StarkWare has deployed STARKs, a class of mathematical systems developed by company co-founder and President Eli Ben-Sasson and other computer scientists, to enable a far more efficient use of blockchain.

The company says its tech cuts fees by reducing the amount of information written to the blockchain and speeds up transactions by alleviating heavy blockchain congestion, as well as allowing blockchain to scale without any dilution of its original vision – the math ensures it remains a network that runs with absolute integrity.
"This is a vote of confidence for the tech stack we've built, which makes blockchain scalable for mass use, and cuts transaction fees incurred by users," StarkWare co-founder and CEO Uri Kolodny said.
"The math-based technology we've rolled out, known as STARKs, will serve businesses and the crypto community through thick and thin. We're encouraged that VCs are signaling their strong support, even in the midst of a bear market," Kolodny added.
StarkWare's first platform, StarkEx, in use for two years, today handles more transactions than Bitcoin. It compresses them using STARKs, before adding them to the Ethereum blockchain.

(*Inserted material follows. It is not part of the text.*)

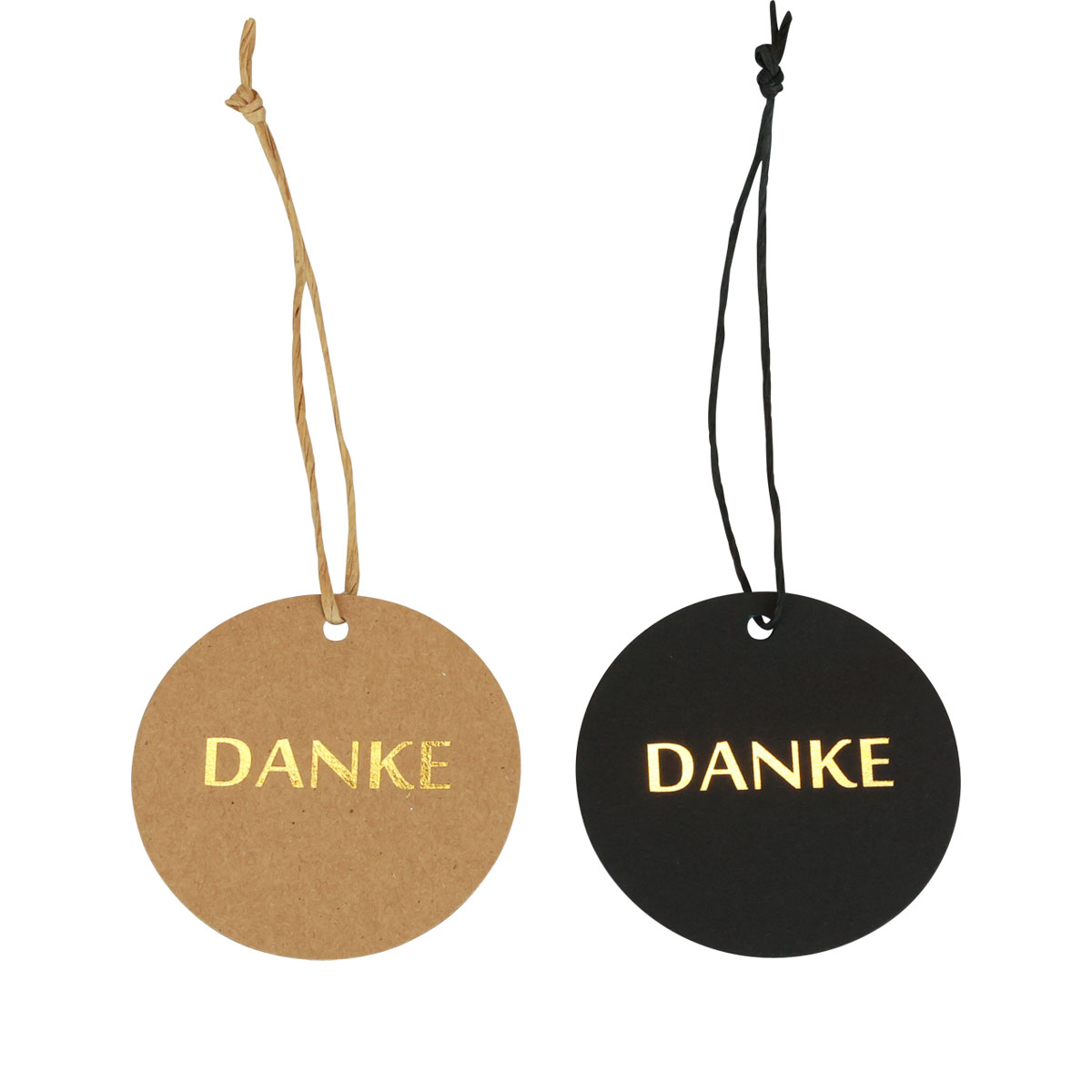 Produktname: Geschenkanhänger „Danke“ Papier Schwarz/Braun Ø6cm 100St

Applications have used StarkEx to facilitate transactions of more than half a trillion dollars. Since the NFT market emerged in 2021, the technology has also become popular for facilitating minting and trading NFTs, making minting 20,000 times cheaper than transacting directly on Ethereum.
In late 2021 StarkWare created the StarkNet Alpha platform, which any developer can use to build blockchain apps.
Ben-Sasson said that "Tomorrow's tech and economy will be heavily based on blockchain, and absolutely everyone developing it needs a solution to the congestion and high transaction fees we see today.
"We're delivering this to clients via StarkEx, which is saving them millions of dollars in transaction fees weekly and opening up new possibilities for them. But we want everyone to be able to use our tech, so we are building and constantly improving StarkNet, in the hope it will empower any developer to build ultra-efficient blockchain apps," he explained.